Task details
From the entries below, pull out each line where "yellow" appears.

Extracted data
....
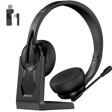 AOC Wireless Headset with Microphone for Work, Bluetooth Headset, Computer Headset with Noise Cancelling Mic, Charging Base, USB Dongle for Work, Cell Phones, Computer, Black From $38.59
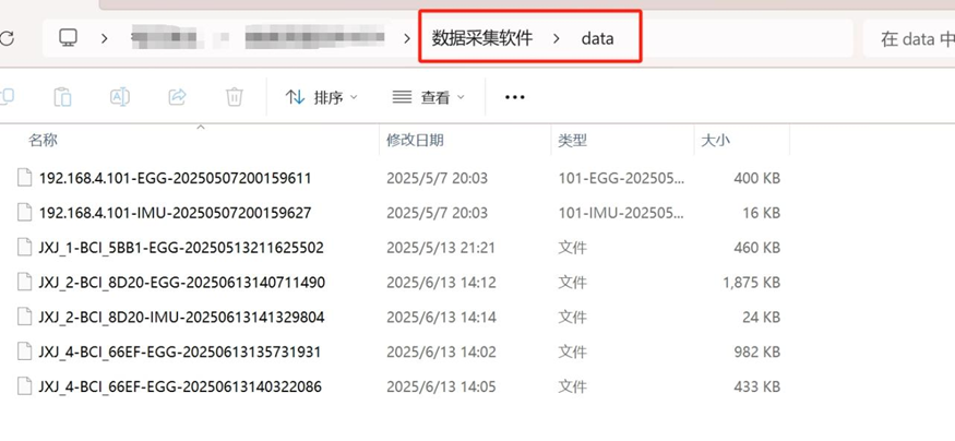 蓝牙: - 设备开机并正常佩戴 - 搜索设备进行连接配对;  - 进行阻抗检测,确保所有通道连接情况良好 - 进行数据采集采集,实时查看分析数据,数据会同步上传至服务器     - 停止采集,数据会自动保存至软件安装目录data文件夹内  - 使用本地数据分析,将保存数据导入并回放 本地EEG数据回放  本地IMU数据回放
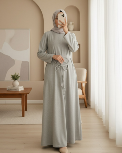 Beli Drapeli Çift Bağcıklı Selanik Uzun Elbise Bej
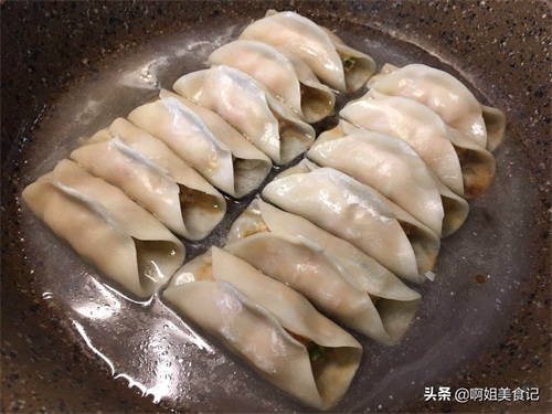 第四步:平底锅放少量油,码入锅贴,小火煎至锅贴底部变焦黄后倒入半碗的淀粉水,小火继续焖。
....
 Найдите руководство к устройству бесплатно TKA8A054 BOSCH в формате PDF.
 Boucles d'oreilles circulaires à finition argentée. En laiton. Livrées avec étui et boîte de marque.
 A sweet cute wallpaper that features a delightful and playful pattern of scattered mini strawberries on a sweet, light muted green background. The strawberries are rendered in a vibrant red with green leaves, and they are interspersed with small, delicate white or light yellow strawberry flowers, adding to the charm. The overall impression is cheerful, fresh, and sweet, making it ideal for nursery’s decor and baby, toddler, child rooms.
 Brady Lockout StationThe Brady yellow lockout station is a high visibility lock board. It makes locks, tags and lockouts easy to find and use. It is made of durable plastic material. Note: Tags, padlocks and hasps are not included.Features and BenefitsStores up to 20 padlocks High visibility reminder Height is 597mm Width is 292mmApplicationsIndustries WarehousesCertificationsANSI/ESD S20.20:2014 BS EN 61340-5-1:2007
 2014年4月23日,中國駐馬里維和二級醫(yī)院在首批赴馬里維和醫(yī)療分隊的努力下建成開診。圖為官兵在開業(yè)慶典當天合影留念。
....
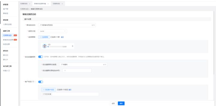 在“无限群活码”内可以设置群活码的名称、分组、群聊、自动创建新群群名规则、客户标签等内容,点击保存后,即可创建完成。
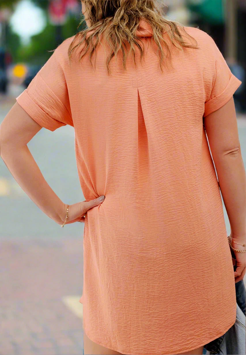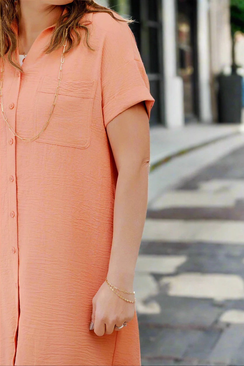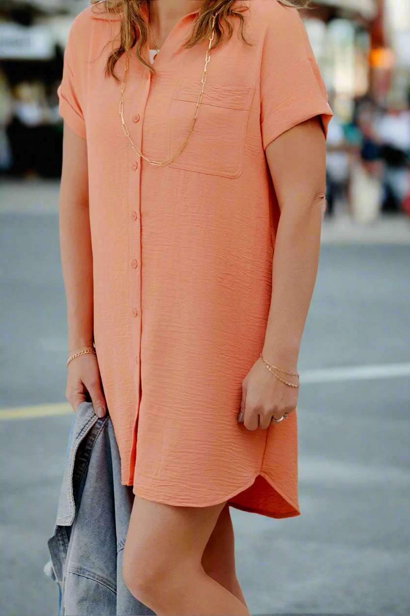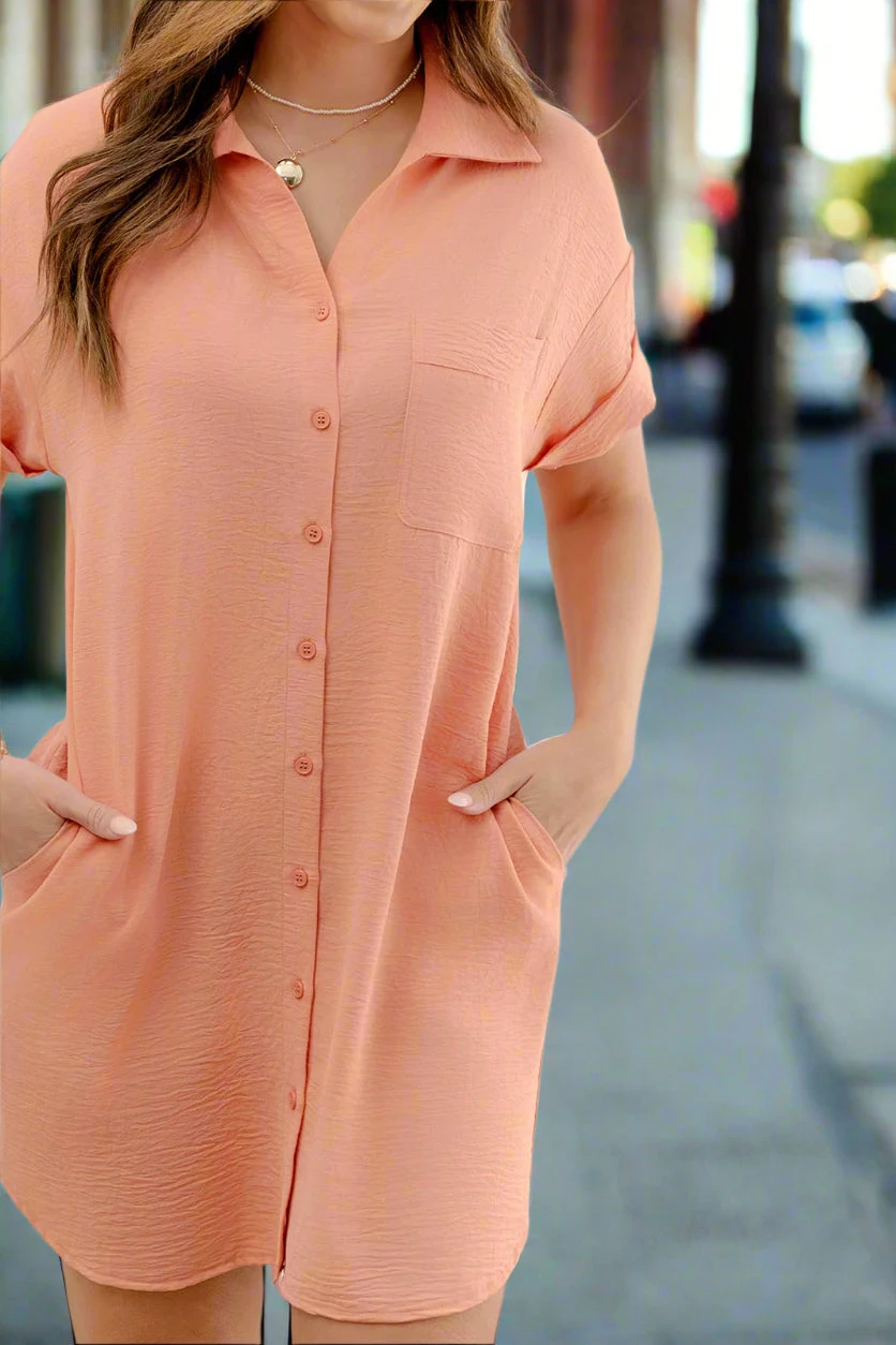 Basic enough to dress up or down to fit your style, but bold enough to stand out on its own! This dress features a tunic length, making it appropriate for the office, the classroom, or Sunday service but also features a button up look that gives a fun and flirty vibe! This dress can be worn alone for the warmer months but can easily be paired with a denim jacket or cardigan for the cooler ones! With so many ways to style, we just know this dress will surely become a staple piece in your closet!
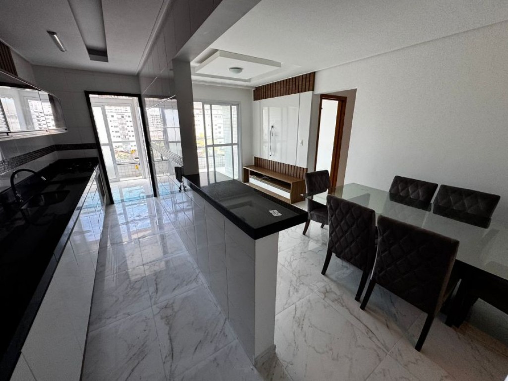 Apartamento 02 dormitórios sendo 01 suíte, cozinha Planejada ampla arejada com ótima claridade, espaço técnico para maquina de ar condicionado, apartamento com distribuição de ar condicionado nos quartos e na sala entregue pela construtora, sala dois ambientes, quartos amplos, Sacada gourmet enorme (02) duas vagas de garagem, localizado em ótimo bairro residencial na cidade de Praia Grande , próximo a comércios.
....
Answer space
 A sweet cute wallpaper that features a delightful and playful pattern of scattered mini strawberries on a sweet, light muted green background. The strawberries are rendered in a vibrant red with green leaves, and they are interspersed with small, delicate white or light yellow strawberry flowers, adding to the charm. The overall impression is cheerful, fresh, and sweet, making it ideal for nursery’s decor and baby, toddler, child rooms.
 Brady Lockout StationThe Brady yellow lockout station is a high visibility lock board. It makes locks, tags and lockouts easy to find and use. It is made of durable plastic material. Note: Tags, padlocks and hasps are not included.Features and BenefitsStores up to 20 padlocks High visibility reminder Height is 597mm Width is 292mmApplicationsIndustries WarehousesCertificationsANSI/ESD S20.20:2014 BS EN 61340-5-1:2007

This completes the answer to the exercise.